Search code examples
pythonweb-scrapingplaywright

Web Scraping News Articles Python


I need to scrape from this website https://www.rbi.org.in/scripts/NewLinkDetails.aspx

This is website that contains news from central bank of India. We need to use playwright for python and asyncio.

The html pattern of this page is following:

Each of this link contains url where need to go and get news.

<a class="link2" href="https://www.rbi.org.in/Scripts/BS_PressReleaseDisplay.aspx?prid=56032">Governor, Reserve Bank of India meets MD &amp; CEOs of Public and Private Sector Banks</a>

For example if we go to https://www.rbi.org.in/Scripts/BS_PressReleaseDisplay.aspx?prid=56032 the hmtl structure is following.

We have here tableheader is news title. We need to get it.

<td align="center" class="tableheader"><b>Governor, Reserve Bank of India meets MD &amp; CEOs of Public and Private Sector Banks</b></td>

From this html pattern we need to get the Date tag.

<td align="right" class="tableheader"><b> Date : </b>Jul 11, 2023</td>

From this hmtl pattern we can extract news content. Each p tag contains news content. Therefore we need to get all p from each web url.

<tr class="tablecontent1"><td><table width="100%" border="0" align="center" class="td">  <tbody><tr>    
<td><p>The Governor, Reserve Bank of India held meetings with the MD &amp; CEOs of Public Sector Banks and select Private Sector Banks on July 11, 2023 at Mumbai. 
The meetings were also attended by Deputy Governors, Shri M. Rajeshwar Rao and Shri Swaminathan J., along with a few senior officials of the RBI. </p>     
<p>The Governor in his introductory remarks, while noting the good performance of the Indian banking system despite various adverse global developments.</p>    
 <p>The issues relating to strengthening of credit underwriting standards, monitoring of large exposures, implementation of External Benchmark Linked Rate (EBLR) Guidelines,
 bolstering IT security and IT governance, improving recovery from written-off accounts, and timely and accurate sharing of information with Credit Information Companies 
 were discussed.</p>     
 <p align="right"><span class="head">(Yogesh Dayal)&nbsp;&nbsp;&nbsp;&nbsp;&nbsp;</span><br>      Chief General Manager</p>    
 <p class="head">Press Release: 2023-2024/582</p></td>  </tr></tbody></table></td> </tr>

I am using this code:

import asyncio
from playwright.async_api import async_playwright

async def scrape_rbi_news():
    async with async_playwright() as p:
        browser = await p.chromium.launch()
        context = await browser.new_context()

        page = await context.new_page()
        await page.goto('https://www.rbi.org.in/scripts/NewLinkDetails.aspx')

        # Wait for the page to load and display the links
        await page.wait_for_selector('.link2')

        # Get all news links
        news_links = await page.query_selector_all('.link2')

        # Get the first 10 news links
        top_10_links = news_links[:10]

        for link in top_10_links:
            link_url = await link.get_attribute('href')
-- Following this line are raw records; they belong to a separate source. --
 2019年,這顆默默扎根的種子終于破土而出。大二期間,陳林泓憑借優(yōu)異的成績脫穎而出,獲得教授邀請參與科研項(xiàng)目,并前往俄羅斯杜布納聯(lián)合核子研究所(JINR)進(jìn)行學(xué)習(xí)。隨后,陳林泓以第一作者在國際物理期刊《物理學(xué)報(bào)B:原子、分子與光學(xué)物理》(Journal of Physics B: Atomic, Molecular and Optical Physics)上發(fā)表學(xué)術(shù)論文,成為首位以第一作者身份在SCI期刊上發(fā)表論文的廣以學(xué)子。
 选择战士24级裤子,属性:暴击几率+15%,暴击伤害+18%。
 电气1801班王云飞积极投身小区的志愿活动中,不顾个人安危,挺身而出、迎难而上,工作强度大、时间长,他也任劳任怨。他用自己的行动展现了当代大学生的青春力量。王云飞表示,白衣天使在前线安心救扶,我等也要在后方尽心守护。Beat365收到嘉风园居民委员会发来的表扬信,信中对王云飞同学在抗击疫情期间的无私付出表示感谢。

            # Open each news link
            await page.goto(link_url)
            await asyncio.sleep(2)  # Add a delay of 2 seconds for the page to load

            try:
                # Wait for the title and date elements to be attached to the DOM
                await page.wait_for_selector('.tableheader b', timeout=5000)
                await page.wait_for_selector('.tableheader b:has-text(" Date : ")', timeout=5000)

                # Extract news date using JavaScript evaluation
                news_date_element = await page.query_selector('.tableheader b:has-text(" Date : ")')
                news_date = await news_date_element.evaluate('(element) => element.nextSibling.textContent')
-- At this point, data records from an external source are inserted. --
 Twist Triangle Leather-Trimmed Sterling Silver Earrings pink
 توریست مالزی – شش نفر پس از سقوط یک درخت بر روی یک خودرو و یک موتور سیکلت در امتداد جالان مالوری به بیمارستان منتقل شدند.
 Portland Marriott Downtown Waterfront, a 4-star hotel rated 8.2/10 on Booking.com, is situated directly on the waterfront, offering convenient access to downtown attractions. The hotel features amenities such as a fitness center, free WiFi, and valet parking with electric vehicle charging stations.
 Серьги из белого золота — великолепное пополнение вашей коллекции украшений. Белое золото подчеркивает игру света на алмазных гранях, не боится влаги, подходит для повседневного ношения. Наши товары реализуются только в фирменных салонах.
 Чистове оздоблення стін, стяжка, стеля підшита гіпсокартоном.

                # Extract news content
                news_content_elements = await page.query_selector_all('.tablecontent1 p')
                news_content = '\n'.join([await element.inner_text() for element in news_content_elements])

                # Print extracted data for each news article
                print('URL:', link_url)
                print('Date:', news_date.strip())
                print('Content:', news_content)
                print('---')
            except Exception as e:
                print('Error:', str(e))

        await browser.close()

# Run the scraping function
if __name__ == '__main__':
    loop = asyncio.get_event_loop()
    loop.run_until_complete(scrape_rbi_news())
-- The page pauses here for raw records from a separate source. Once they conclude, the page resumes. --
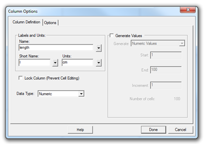 Open the Graphical Analysis (GA) program. The default file consists of a two-column table and a graph area. Double-click on the first column name and change its label to "length" with units "cm." In the same way, change the name and units of the second column to "width" and "cm," respectively.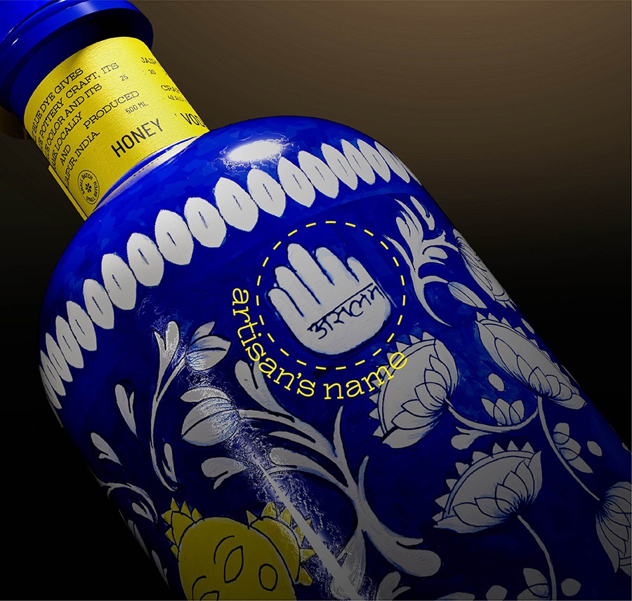 Mitini— ‘Nili Mitti’ or ‘Blue Sand’—tackles the declining relevance of Jaipur’s traditional blue pottery by re-purposing its craftsmanship into a modern spirit brand. Mitini reimagines the centuries-old technique for a wider audience through an accessible product line.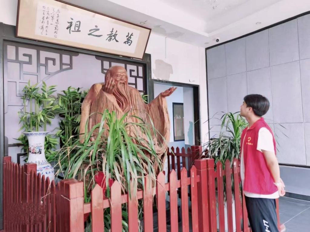 踏入博物馆,仿佛开启了一场穿越时空的对话。序厅中,宏大的多媒体展示将老子所处的时代背景生动呈现,让游客瞬间置身于那个百家争鸣的春秋战国时期。沿着展线前行,“老子生平”展厅通过丰富的文物、详实的史料以及逼真的场景复原,再现了老子从出生到著书立说、传道授业的传奇一生。作为志愿者孙坤乐,穿梭在各个展区。为参观的游客详细讲述了老子的生平事迹、《道德经》的思想精髓及其对后世的深远影响。博物馆以丰富的馆藏文物和沉浸式展陈,从商周时期的青铜器到历代诠释《道德经》的典籍,从生动还原老子讲学场景的多媒体装置到体现道家“天人合一”思想的文物陈列,每一件展品都仿佛在诉说着古老的智慧故事。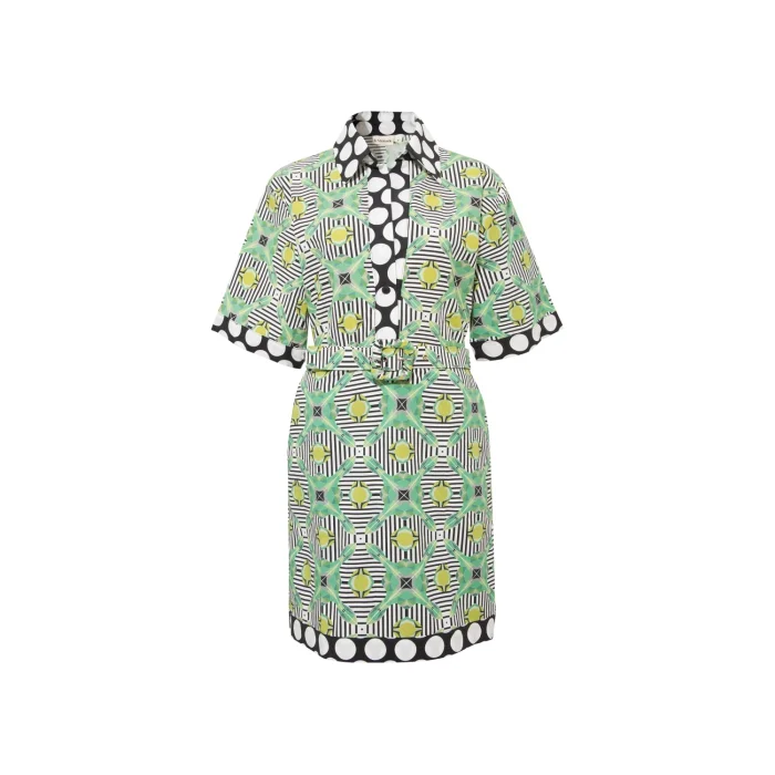 *Patterns are created from the works of Artist Defne Camcıoğlu, *100% Cotton, * The product is carefully designed with fine-textured and tough poplin fabric, considering durability and comfort, * The work, which consists of geometric patterns, was printed on poplin fabric by digital printing method, * The product consists of a short sleeve, short length detailed shirt dress silhouette, * The product, which has a shirt collar, offers a stylish look with its belt detail. CARE RECOMMENDATIONS: * Washing can be done at 30 degrees, *Bleach cannot be used, *Do not dry in the machine." BODY MEASUREMENTS HEIGHT: 90 cm WAIST: 106 cm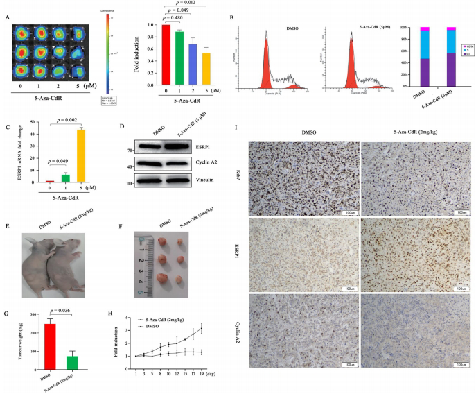 研究核心创新在于构建pGL4.19-ESRP1-P-Luc2报告系统。该载体将ESRP1启动子与荧光素酶基因融合,在稳定转染的A498-ESRP1-P-Luc2细胞中,5-Aza-CdR处理使荧光素酶活性提升140倍,且体内外实验均显示生物发光信号与ESRP1表达呈正相关。SCID-裸鼠移植瘤模型证实,该系统可实时监测2 mg/kg 5-Aza-CdR引起的肿瘤部位信号2.6倍增强。
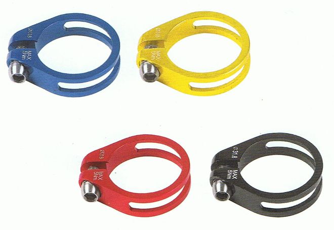 Äußerst leichte Sattelstützklemme aus einem Stück Aluminium 7075 T6 CNC-gefräßt mit Klemmschraube aus Titan TiAl4V6.

It print the first news correctly. After that it breaks. I see this error:

playwright._impl._api_types.Error: Element is not attached to the DOM

Any suggestion how to solve this issue?


Solution

  • Your problem is in the line link_url = await link.get_attribute('href')

    You are in the index page, then you get the attribute of first link and you navigate to that new link

    When you are in the news page, you are trying to do again link_url = await link.get_attribute('href') that element is not in the page anymore, so you can not get the href of an element that does not exist.

    You should save the links into an array before making the loop

    Here your script after that change (I did my own selectors because I am not very familiar with CSS, so I used Xpath)

    import asyncio
    from playwright.async_api import async_playwright
    
    async def scrape_rbi_news():
        async with async_playwright() as p:
            browser = await p.chromium.launch(headless=False)
            context = await browser.new_context()
    
            page = await context.new_page()
            await page.goto('https://www.rbi.org.in/scripts/NewLinkDetails.aspx')
    
            # Wait for the page to load and display the links
            await page.wait_for_selector('.link2')
    
            # Get all news links
            news_links = await page.locator('.link2').all()
    
            # Get the first 10 news links
            top_10_links = news_links[:10]
            links = []
            #  Here we are going to save the link as text, instead of element in order to avoid the problem I commented before
            for link_element in top_10_links:
                links.append(await link_element.get_attribute('href'))
    
            for link in links:
                # Open each news link
                await page.goto(link)
                await asyncio.sleep(2)  # Add a delay of 2 seconds for the page to load
    
                try:
                    # Wait for the title and date elements to be attached to the DOM
                    date = await page.locator("(//td[@class='tableheader'])[2]").inner_text()
                    title = await page.locator("(//td[@class='tableheader']/b)[2]").inner_text()
                    content = await page.locator("//tr[@class='tablecontent1']//p").all_inner_texts()
                    content = '\n\n'.join(content)
    
                    print('URL:', link)
                    print(date)
                    print(title)
                    print('Content:', content)
                    print('---')
                except Exception as e:
                    print('Error:', str(e))
    
            await browser.close()
    
    # Run the scraping function
    if __name__ == '__main__':
        loop = asyncio.get_event_loop()
        loop.run_until_complete(scrape_rbi_news())